● **TASK OBJECTIVE**
What is needed is an exact copy of the lines from the start of the records below through the line with "đại diện cho", without the pictures.

(Stored data entries)
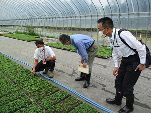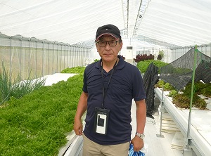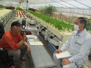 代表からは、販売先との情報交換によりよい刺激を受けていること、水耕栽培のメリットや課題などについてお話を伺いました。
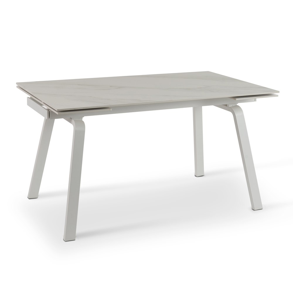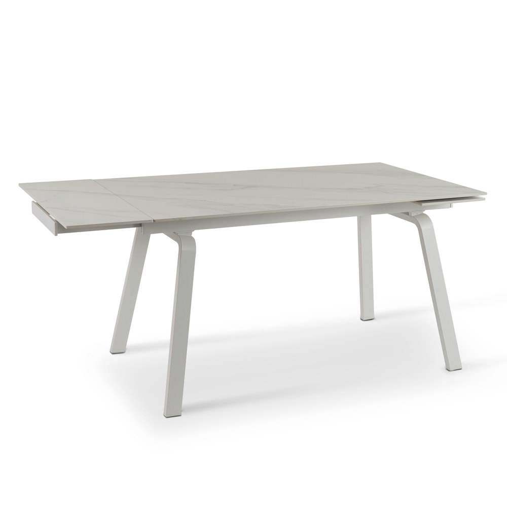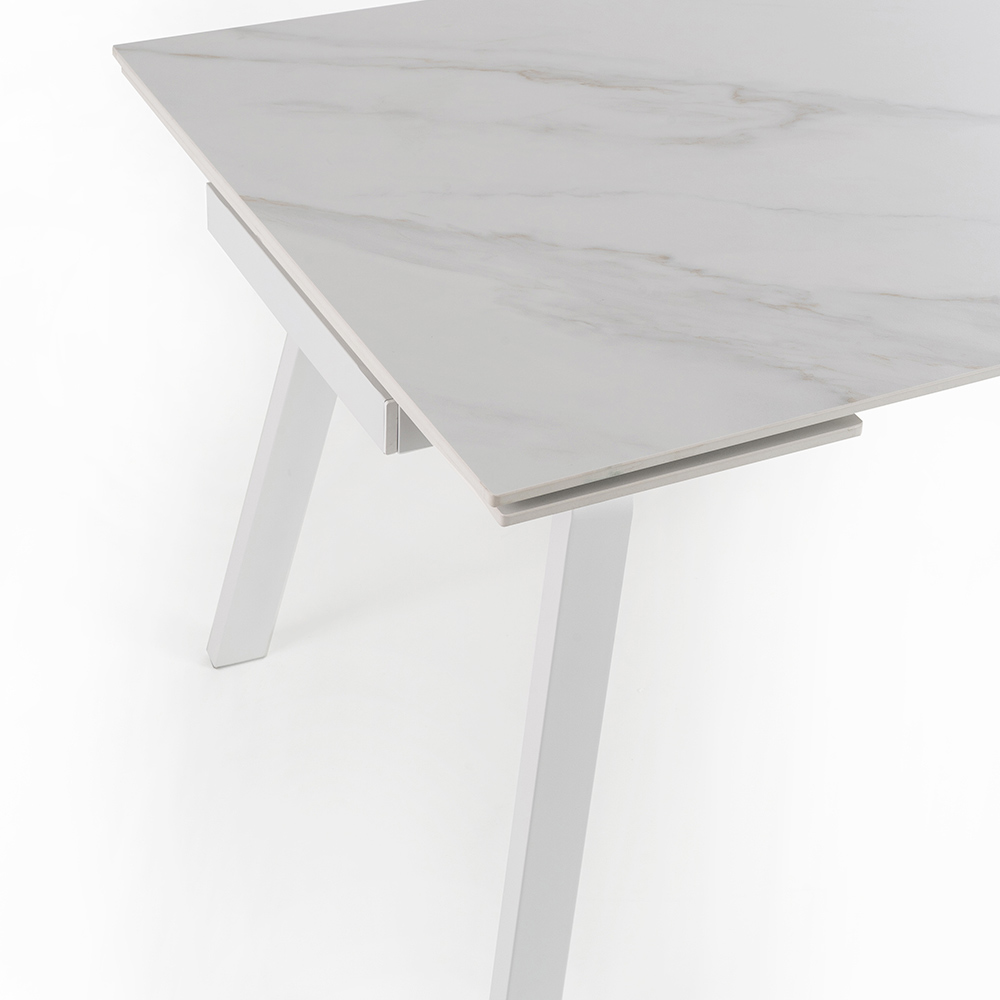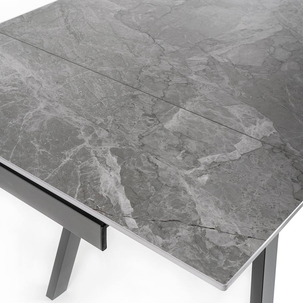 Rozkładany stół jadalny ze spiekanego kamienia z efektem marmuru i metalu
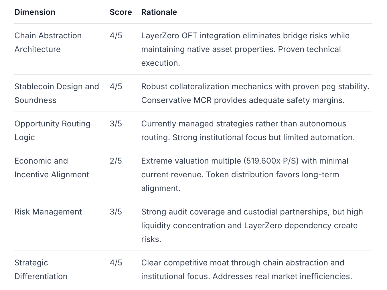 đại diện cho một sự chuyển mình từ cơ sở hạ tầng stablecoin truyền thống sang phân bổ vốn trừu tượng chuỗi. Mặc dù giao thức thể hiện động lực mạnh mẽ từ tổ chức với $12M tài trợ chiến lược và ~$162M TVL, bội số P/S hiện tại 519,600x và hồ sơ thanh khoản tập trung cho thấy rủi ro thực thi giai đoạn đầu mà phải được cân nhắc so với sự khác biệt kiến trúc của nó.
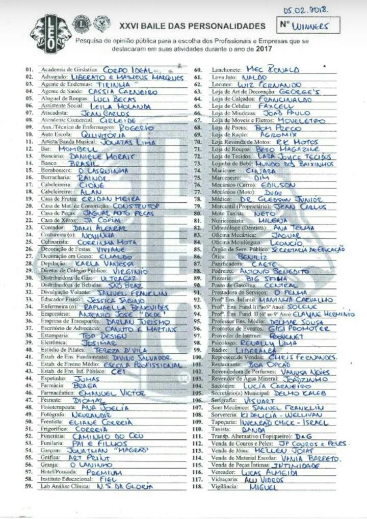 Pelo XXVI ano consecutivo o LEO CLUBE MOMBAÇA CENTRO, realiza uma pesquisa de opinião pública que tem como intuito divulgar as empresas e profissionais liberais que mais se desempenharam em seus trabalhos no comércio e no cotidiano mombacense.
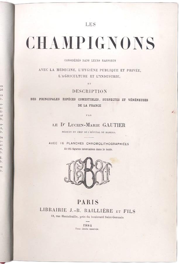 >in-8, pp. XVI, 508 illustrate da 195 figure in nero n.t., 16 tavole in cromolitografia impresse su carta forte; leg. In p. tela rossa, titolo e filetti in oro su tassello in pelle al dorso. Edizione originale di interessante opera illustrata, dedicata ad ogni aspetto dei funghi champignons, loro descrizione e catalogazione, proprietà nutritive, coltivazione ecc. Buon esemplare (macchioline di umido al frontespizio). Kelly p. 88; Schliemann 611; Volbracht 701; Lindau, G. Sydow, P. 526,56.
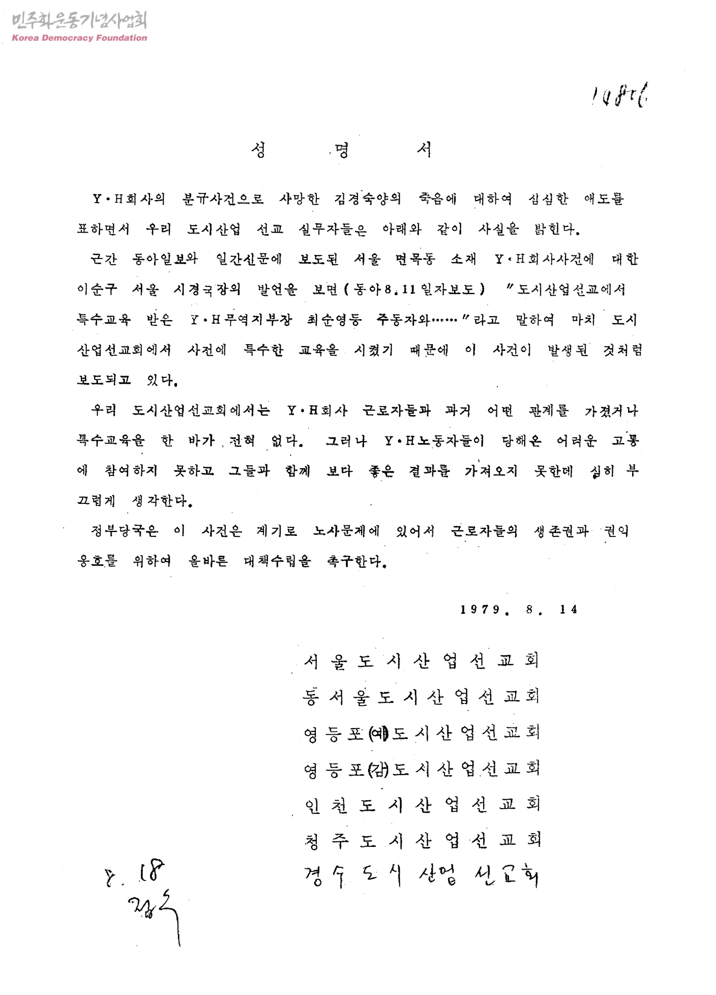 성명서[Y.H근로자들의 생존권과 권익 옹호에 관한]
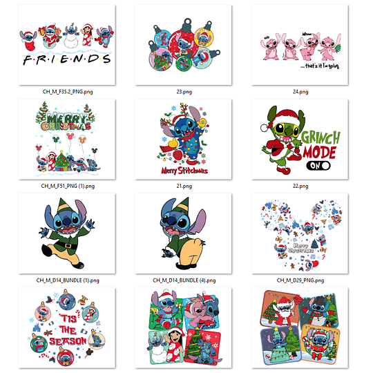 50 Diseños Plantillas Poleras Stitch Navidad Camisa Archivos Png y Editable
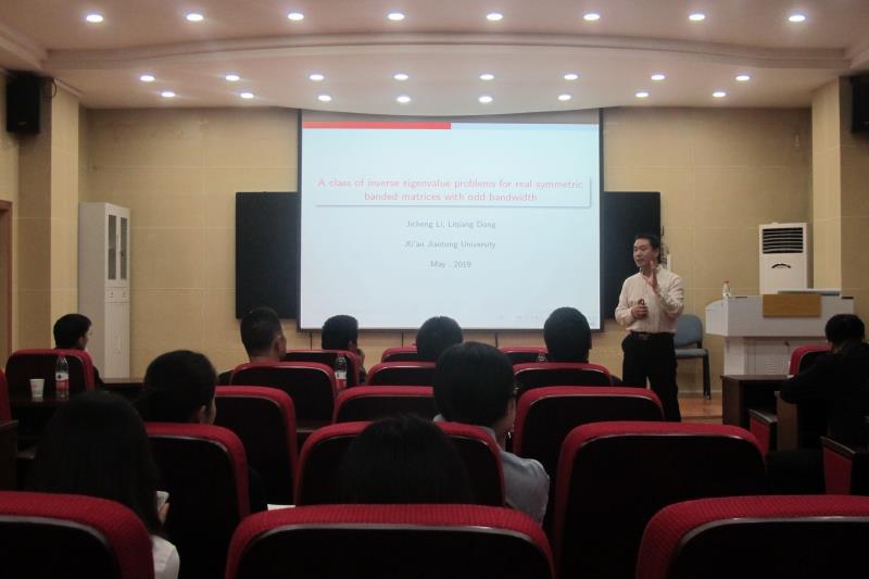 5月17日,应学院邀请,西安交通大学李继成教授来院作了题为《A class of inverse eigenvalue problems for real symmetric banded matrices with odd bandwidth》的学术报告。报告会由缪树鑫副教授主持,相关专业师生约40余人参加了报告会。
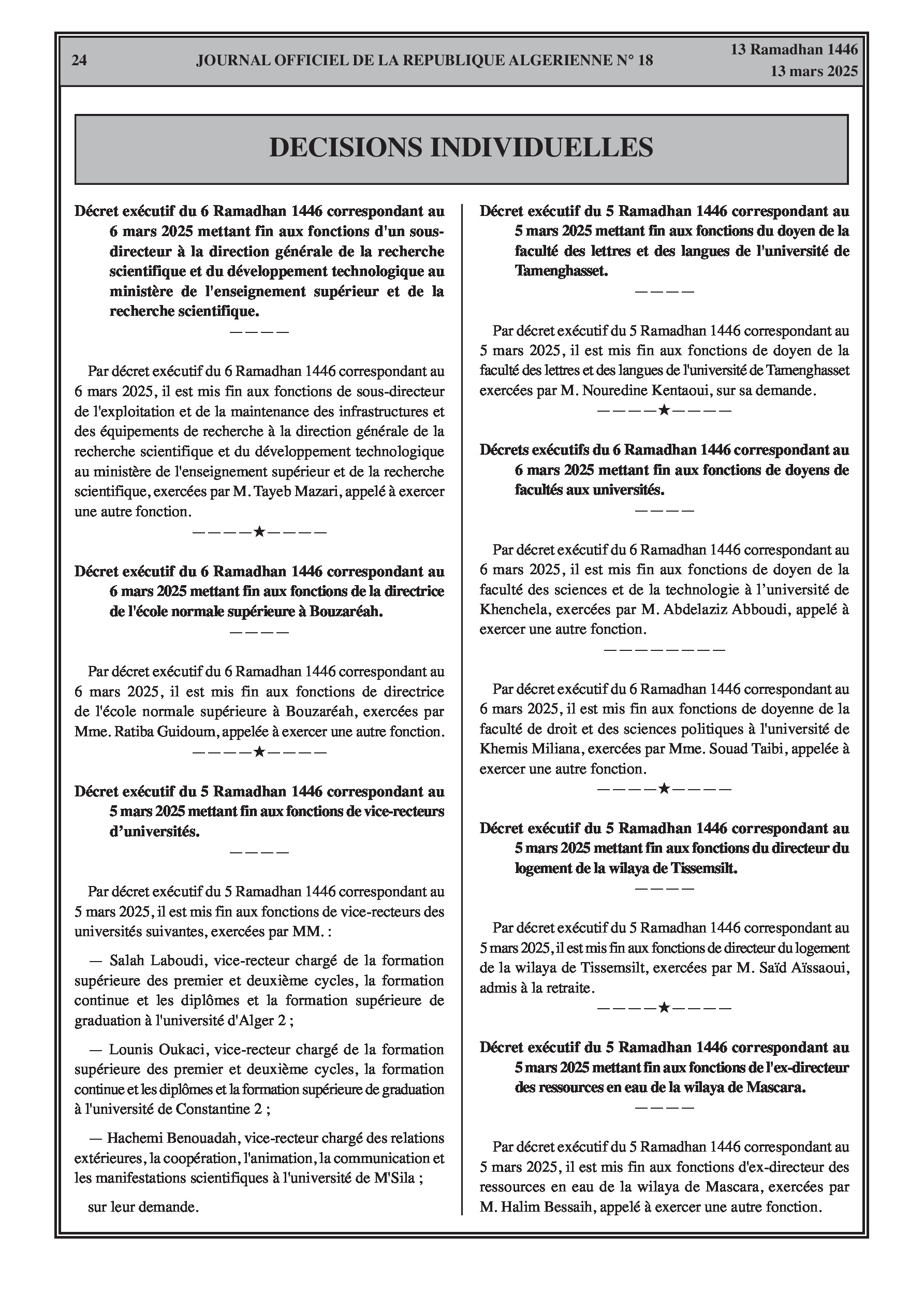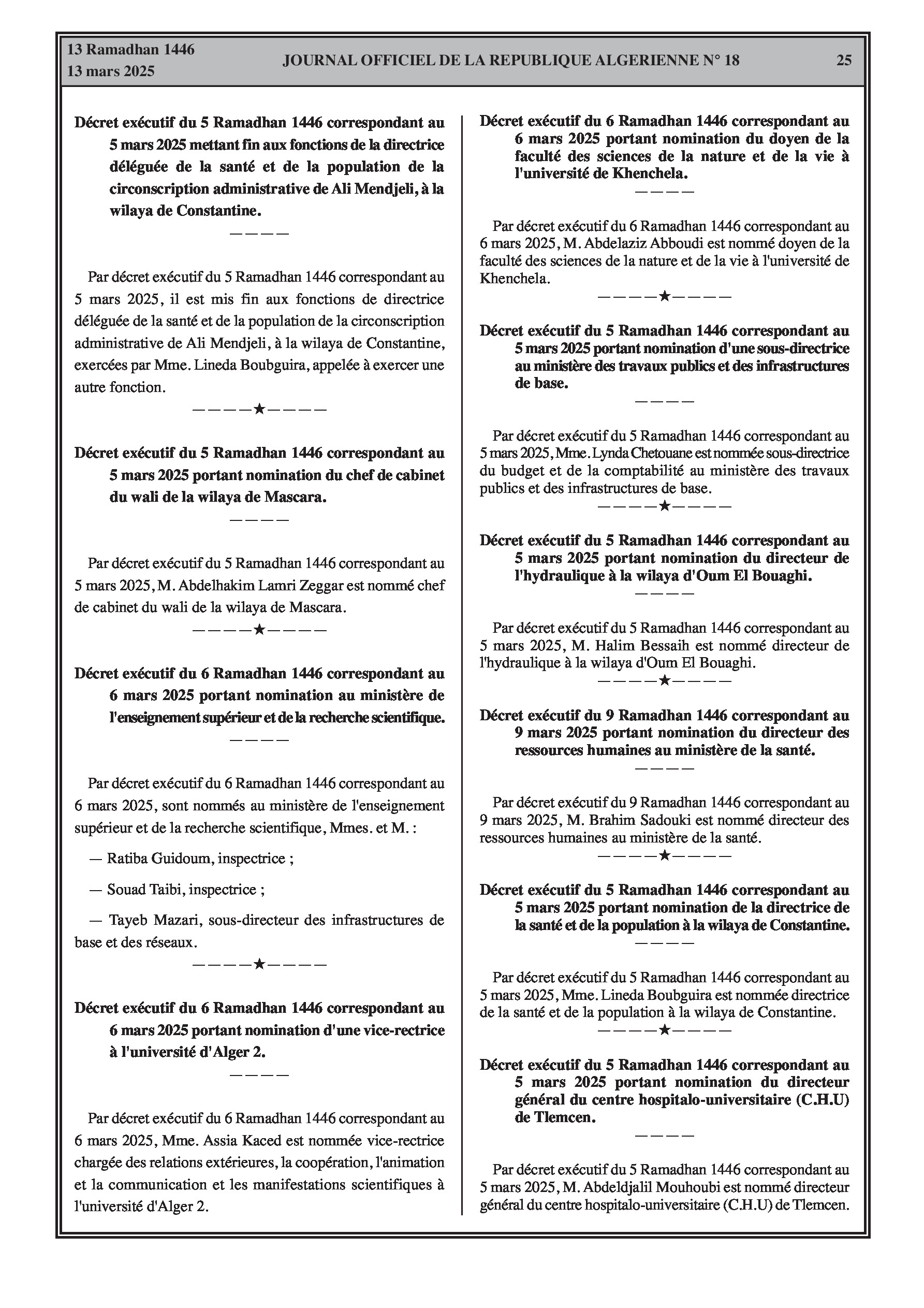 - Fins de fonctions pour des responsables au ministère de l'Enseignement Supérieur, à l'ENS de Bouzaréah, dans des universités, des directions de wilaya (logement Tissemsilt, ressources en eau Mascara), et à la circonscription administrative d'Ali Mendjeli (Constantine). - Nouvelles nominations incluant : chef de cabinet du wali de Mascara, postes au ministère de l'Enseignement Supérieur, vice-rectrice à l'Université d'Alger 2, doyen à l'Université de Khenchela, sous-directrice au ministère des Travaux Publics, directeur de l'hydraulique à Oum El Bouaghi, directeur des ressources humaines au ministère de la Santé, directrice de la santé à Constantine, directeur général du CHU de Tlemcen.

● **RESPONSE BELOW**
 代表からは、販売先との情報交換によりよい刺激を受けていること、水耕栽培のメリットや課題などについてお話を伺いました。
 Rozkładany stół jadalny ze spiekanego kamienia z efektem marmuru i metalu
 đại diện cho một sự chuyển mình từ cơ sở hạ tầng stablecoin truyền thống sang phân bổ vốn trừu tượng chuỗi. Mặc dù giao thức thể hiện động lực mạnh mẽ từ tổ chức với $12M tài trợ chiến lược và ~$162M TVL, bội số P/S hiện tại 519,600x và hồ sơ thanh khoản tập trung cho thấy rủi ro thực thi giai đoạn đầu mà phải được cân nhắc so với sự khác biệt kiến trúc của nó.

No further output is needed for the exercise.